As widely expected, earlier today, the Securities and Exchange Commission approved a proxy access rule by a 3-2 vote. The new rule will allow stockholders of a public company who meet specified eligibility criteria to require the company to include the stockholders' nominees for election to the company's board of directors in the company's proxy materials. The new proxy access rule will apply to all public companies, including registered investment companies, other than debt-only companies and foreign private issuers. The rule will not be implemented, however, for smaller reporting companies until 2013.
The SEC proposed the proxy access rule, by the same divided 3-2 margin, in May 2009—marking the third time in less than 10 years that the SEC had placed the question of proxy access on its agenda. In July 2010, the Dodd-Frank Act confirmed the SEC's authority to issue a proxy access rule, but left the details of the rule to the SEC's discretion.
Under new Rule 14a-11, to be eligible to take advantage of proxy access, stockholders will be required to:
- own, individually or in the aggregate with other stockholders acting together as a group, at least 3% of the company's voting stock (including shares lent to others, so long as the stockholder has the right to recall the shares and will do so if the nominee is included in the proxy, and excluding shares sold short);
- have held their shares continuously for at least three years at the time they give notice of the nomination;
- nominate persons who satisfy the objective independence standards of the stock exchange on which the company's shares are listed; and
- not have the intent of changing control of the company or gaining more seats on the board than the maximum provided for in Rule 14a-11.

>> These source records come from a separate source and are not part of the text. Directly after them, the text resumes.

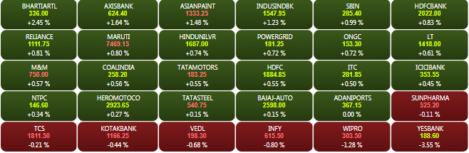 The BSE Sensex jumped over 200 points to a high of 35,184.93 points in opening trade today. The NSE Nifty 50 opened firmly above the 10,550-mark. Bharti Airtel, Axis Bank, Asian Paints, IndusInd Bank, SBI, HDFC Bank were among the top gainers in morning trade today.
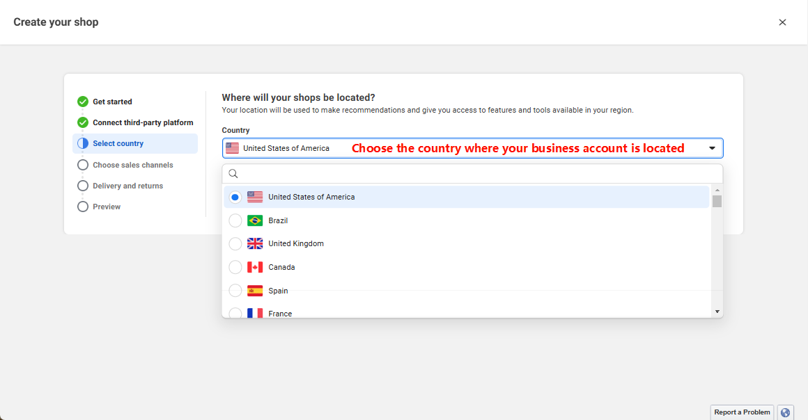 4.4. Chọn Quốc gia mà Cửa hàng Facebook của bạn đặt tại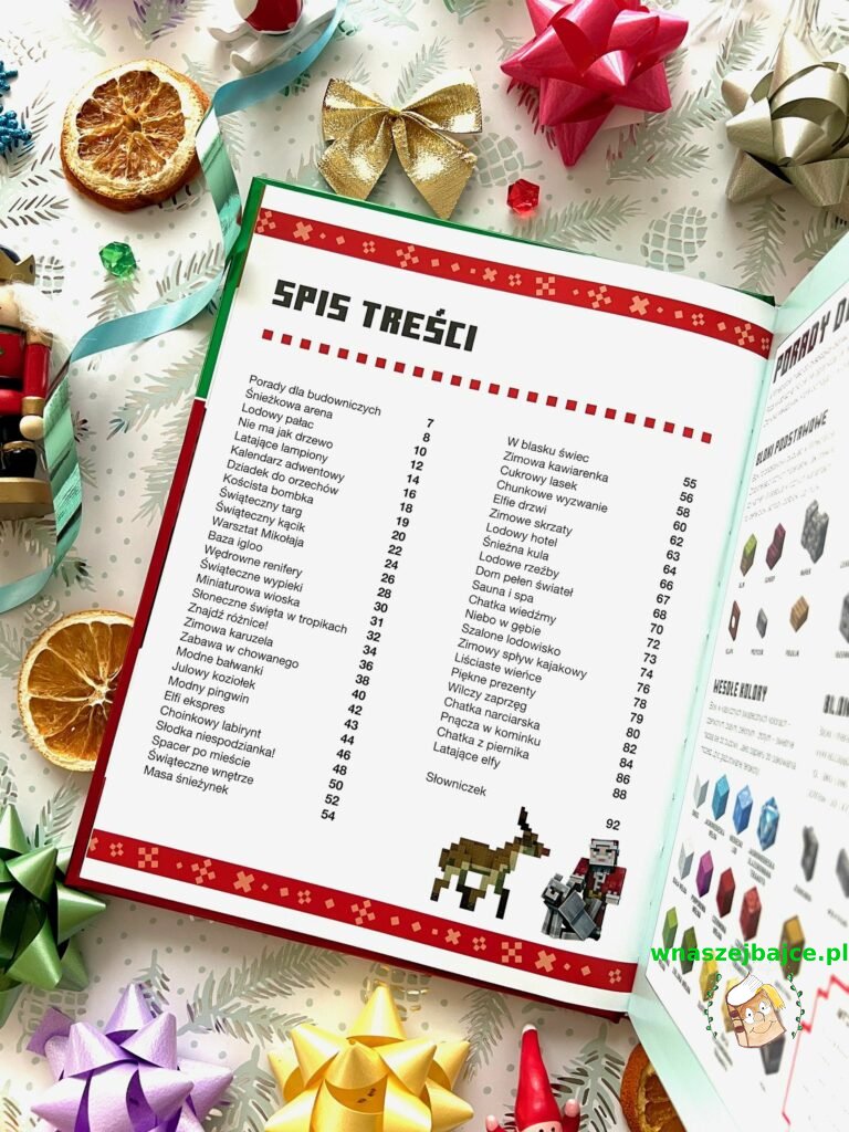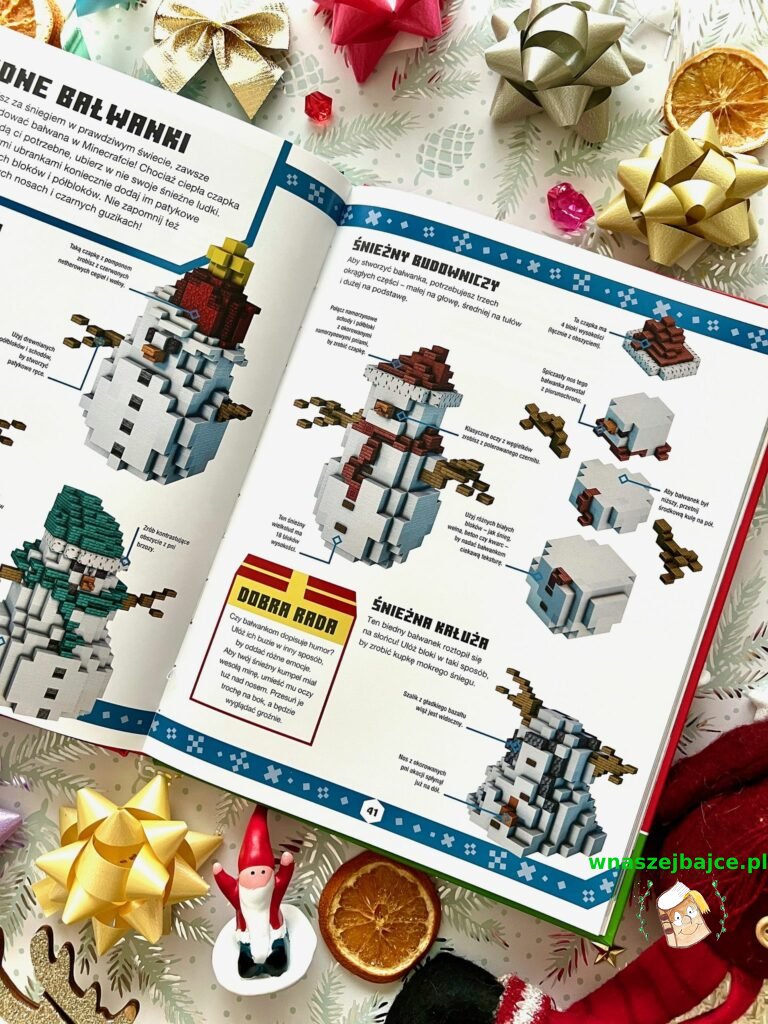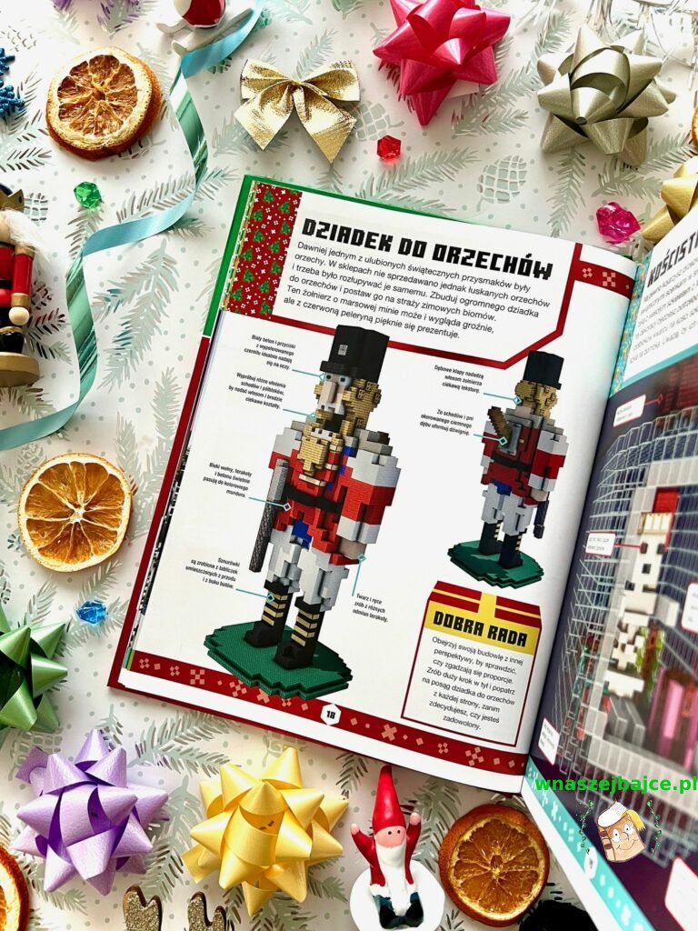 Ogromnym atutem tej książki jest to, że pobudza kreatywność zamiast ją ograniczać. To raczej iskra zapalna niż gotowy schemat. Pokazuje, jak bawić się kolorami, formą i klimatem zimy w świecie sześcianów, jednocześnie zostawiając przestrzeń na własne pomysły. Dzięki temu sprawdzi się zarówno u młodszych graczy, którzy dopiero uczą się budować, jak i u tych bardziej doświadczonych, którzy szukają świeżej inspiracji na świąteczne projekty.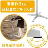 重量は約9kg!ベース・支柱部分は超軽量なアルミ素材を使用しております。男女問わず簡単に家具の設置・移動が可能な重量なので、テーブルを頻繁に移動する必要がある場合におすすめです。また、アルミ脚は細かい高さ調整が可能なアジャスターを4個装備しております。床の凹凸に合わせて調整することができるため、ガタつかない安定した設置が可能です。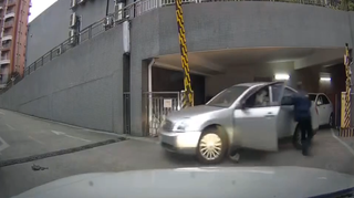 行车记录仪实拍女司机下车未拉手刹溜车,旁边保安只能干着急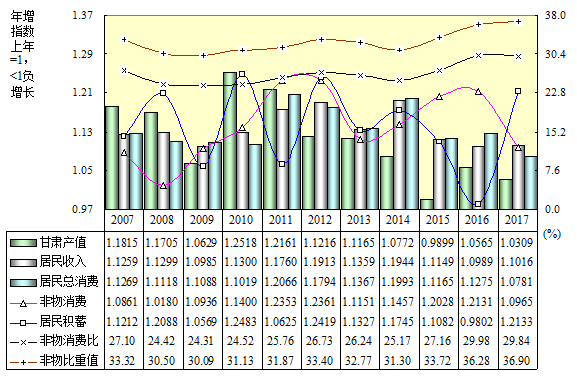 2000~2017年甘肃增长相关系数:非物消费与产值之间-0.22,相关性逆反;与居民收入之间0.02,相关性甚微;与居民积蓄之间-0.56,扩大回溯20年间1999~2017年-0.57,2013~2017年-0.82,负相关性显著,二者曲线呈峰谷对应水中倒影。非物消费比(占收入比)前16年极显著上升,近1年略微下降,17年升高6.00个百分点;非物消费比重(占总消费比)持续极显著上升,17年升高7.11个百分点。非物消费城乡比前2年明显扩大,后15年极显著缩小,17年缩减47.72%;地区差前10年略微扩大,后7年较明显缩小,17年缩减9.28%。这些动态体现由衣食温饱“基本小康”到相对富余“全面小康”的“人民美好生活需要”变化。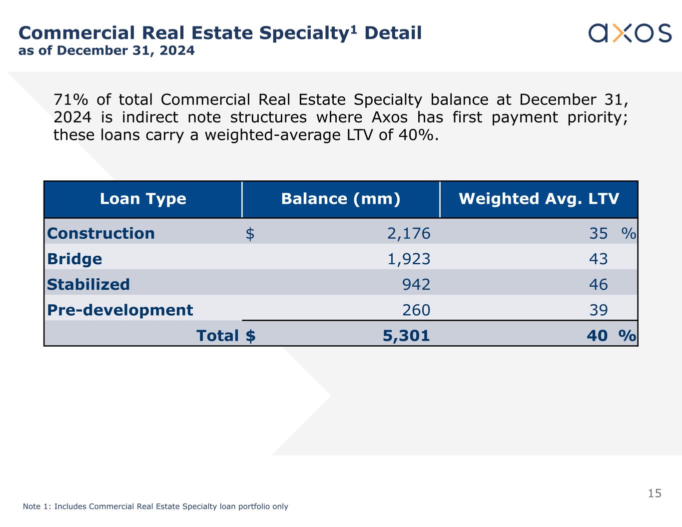 14 Commercial Real Estate Specialty1 Detail as of December 31, 2024 Non-Accrual Loans (mm)Weighted Avg. LTVBalance (mm)Loan Type $ 1141 %$ 1,616Multifamily 15331,167SFR —42951Hotel —52647Industrial 1540461Other 1929285Office —41174Retail $ 6040 %$ 5,301Total LTV Distribution Note 1: Includes Commercial Real Estate Specialty loan portfolio only.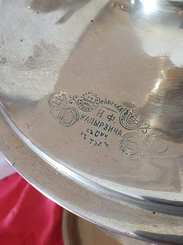 Ce samovar a été fabriqué par la firme KAPYRSINE, l’une des 4 plus importantes de TOULA, capitale russe du samovar.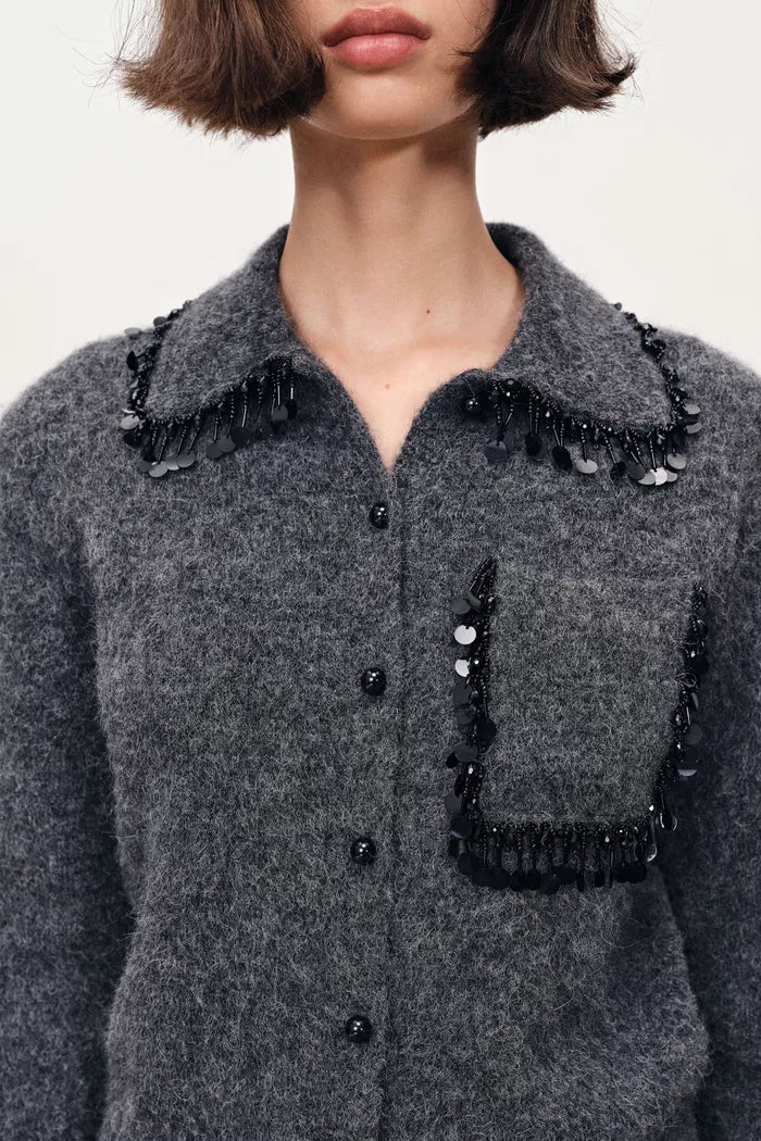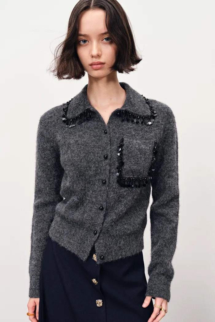Vivienne Beaded Collar Sweater in Alpaca Blend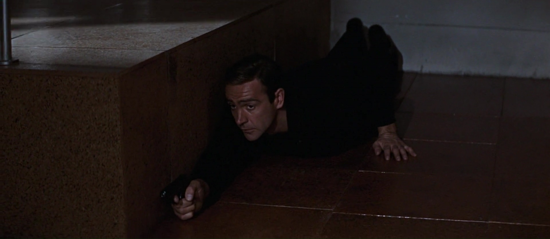 Je dois avouer que les premiers James Bond m’ont surpris. Après un premier opus qui m’avait ennuyé et deux opus que j’avais trouvé excellents, à savoir Bons Baisers de Russie et Goldfinger, la saga continue en 1965. La production n’aura pas perdu de temps, et il faut dire que Goldfinger est apprécié par la critique et le public, et est un carton au box office. On propose à son réalisateur de revenir, mais trop épuisé, il refuse, et c’est donc Terence Young, réalisateur des deux premiers opus, qui revient. Richard Maibaum reste au scénario, Sean Connery bien entendu est toujours là, tout comme M, Moneypenny et Q à ses côtés. Et ce coup-ci, on adapte un nouveau roman de Ian Flemming, à savoir Opération Tonnerre. Qui devait au départ être le tout premier opus de la saga, mais quelques petits soucis de droits fit de Dr No ce premier opus. Et le premier truc qui m’aura fait peur en lançant le film, ce fut sa durée. 2h10 ! Soit le plus long jusque là. Ils avaient intérêt à ne pas se planter, car 2h10, ça peut paraître long des fois. Et au final, il y a d’excellentes choses dans Opération Tonnerre. Beaucoup même… Mais la faute sans doute à un mauvais dosage, le métrage m’aura ennuyé. Enfin non, disons plutôt que ça ne m’a pas vraiment passionné, car la vision ne fut pas non plus déplaisante. Et pourtant ça commençait très bien avec cette scène d’ouverture suivie d’une fuite en jetpack, le tout en France, avant un générique certes un poil moins bon que le précédent mais malgré tout, tout à fait correct. Puis nous rentrons dans le vif du sujet. Enfin plus ou moins, car soyons clairs, les 45 premières minutes du métrage sont longues.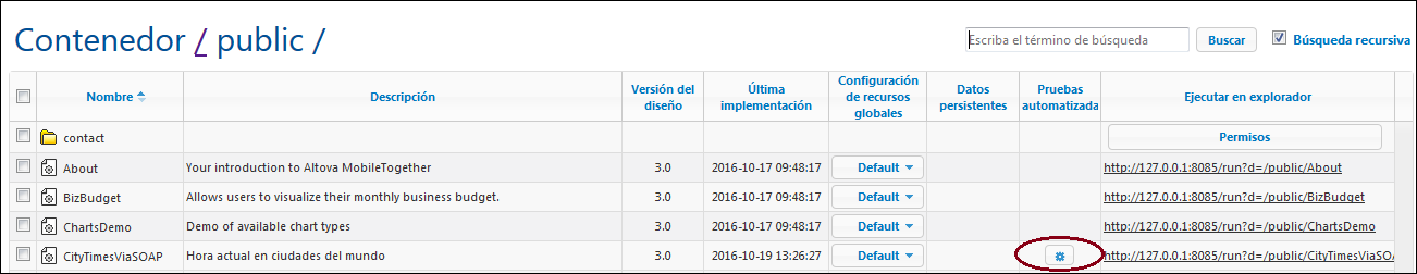 Implementar casos de prueba en el servidor MobileTogether Server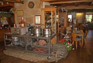 „Happy birthday to you“, singt die ganze Runde und hebt das Glas zum „Prost auf den Erich“. Das Geburtstagskind kann gerade den ersten Schluck nehmen, dann ruft Braumeister Dieter Graßl zur Arbeit: Erich soll das Malz in den Sudkessel schütten. Es riecht nach Malzbonbon und der Brauhelfer staunt über die Menge: für 100 Liter Bier braucht man 18 Kilogramm Malz, also für 50 Liter immerhin noch neun Kilo, erklärt der Braumeister. Zum 60er braut Erich sein eigenes Geburtstagsbier – ein Geschenk der Freundesrunde am Tisch. Möglich macht es die kleinste mobile Brauerei der Welt, wie ein Eintrag ins Guinness-Buch der Rekorde 1996 bestätigt. Die Anlage mit dem blitzenden Kupferkessel ist etwas größer als ein Wirtshaustisch und steht im Brauereigasthof Schäffler in Missen-Wilhams im Oberallgäu.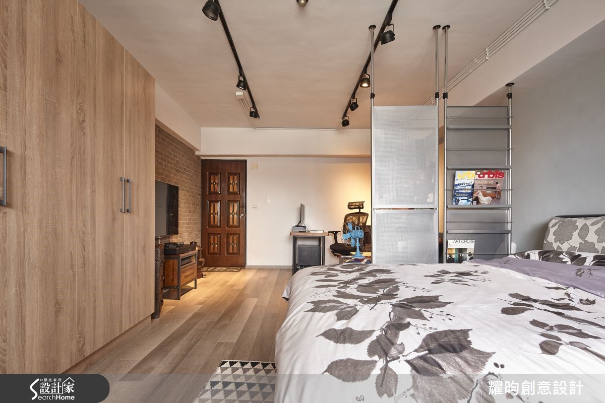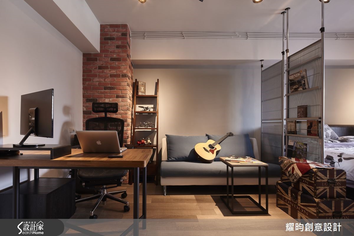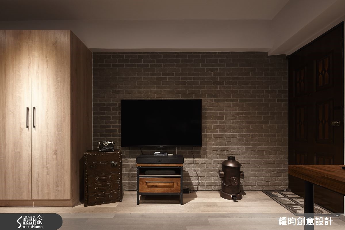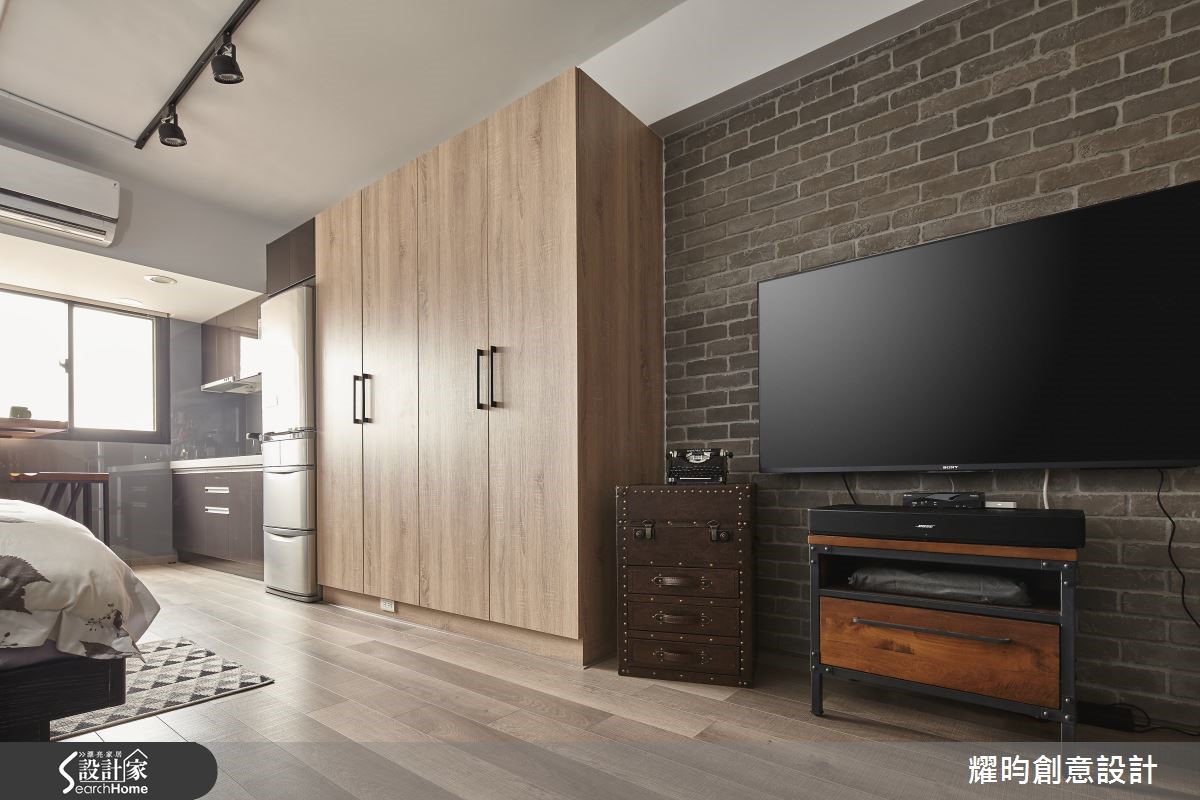 46平方米的小户型,是专属于夫妻的甜蜜空间;设计师看见主柱内放的优势,利用LOFT风将视觉空间变得更宽敞,巧手打造通透感十足、动线顺畅的两人世界。【开放格局,混搭质感家具】进入屋内,映入眼帘的即是由粗犷红砖包覆的大柱,搭配美式风沙发及铸铁木制混合质感家具,带着纽约Urban Style的气息。开放式空间,符合LOFT风无隔断的特性;同以高至天顶的书报架作为卧房及客厅的界定。【复古元素,烘托工业风情】客厅的电视墙,由灰阶文化石砌成,搭配皮箱及电视柜,加上消防栓造型摆饰,充满复古气息。餐厅则以吧台及铁制高脚椅,塑造美式工业风情,与客厅家具相互呼应。至于使用机能,床对面的大型木质收纳柜占满整面墙,提供完整收纳空间。卫浴设备有干湿分离设计,提供视野与机能性上皆舒爽的居住空间。经典的砖墙外露设计、充满个人特色的摆饰,点缀着整体居家氛围;比如英国国旗的行李箱及仿三零年代美制的风扇,处处可以看见装修的细节及用心。

The proxy access rules would limit the number of directors nominated by stockholders in this manner to the greater of one director or 25% of the entire board of directors. In a change from the proposal, if the number of stockholders' nominees exceeds the number permitted to be nominated by Rule 14a-11, then preference will be given to the larger holder, not the first to nominate.
The SEC also approved amendments to Rule 14a-8 that will allow stockholders to propose additional procedures that provide greater access than new Rule 14a-11. They do not allow boards or stockholders to opt out of the minimum proxy access rights mandated by the SEC rule.
The new rules will take effect 60 days after their publication in the Federal Register. The deadline for submitting a Rule 14a-11 nominee will be 120 days before the anniversary of the mailing of the proxy statement for the company's prior annual meeting. Stockholders' ability to take advantage of Rule 14a-11 at a company's 2011 annual meeting will depend in part on when the adopting release is published and when the company mailed the proxy statement for its 2010 annual meeting. Thus, it appears that if the effective date of the new rules is more than 120 days prior to the anniversary of the mailing of the company's 2010 proxy materials, the company will be subject to the new rules at its 2011 annual meeting.
In her introductory remarks, SEC Chairman Mary L. Schapiro characterized the new rule as a "marked change to the status quo" and described proxy access for long-term significant stockholders as "a matter of fairness and accountability." Chairman Schapiro stated that the rules were the result of a compromise of competing views and noted that nominating a candidate for director did not guarantee the nominee's election to the board.
In explaining their votes against the new rules, Commissioners Kathleen L. Casey and Troy A. Paredes both offered sharp critiques of Rule 14a-11. Commissioners Casey and Paredes expressed concerns that the rule improperly displaced state corporate law and unwisely limited private ordering. Commissioner Casey also expressed concerns over what she felt was a "troubling trend" of undue SEC deference to institutional stockholders and predicted that the rule would not survive judicial scrutiny due to what she felt were its "arbitrary" thresholds and lack of convincing cost/benefit analysis.
The very existence of proxy access—let alone its actual use, the frequency of which will not be known for some time—has the potential to fundamentally alter the composition and workings of boards and the relationship between management, the board and stockholders. We intend to provide a fuller analysis of the new rules, and recommendations for steps public companies should consider in response to the new rules.
The foregoing description is based on comments made at this morning's SEC open meeting at which the rules were approved. It is subject to additional details and clarifications included in the 451-page adopting release that the SEC has already posted on its website.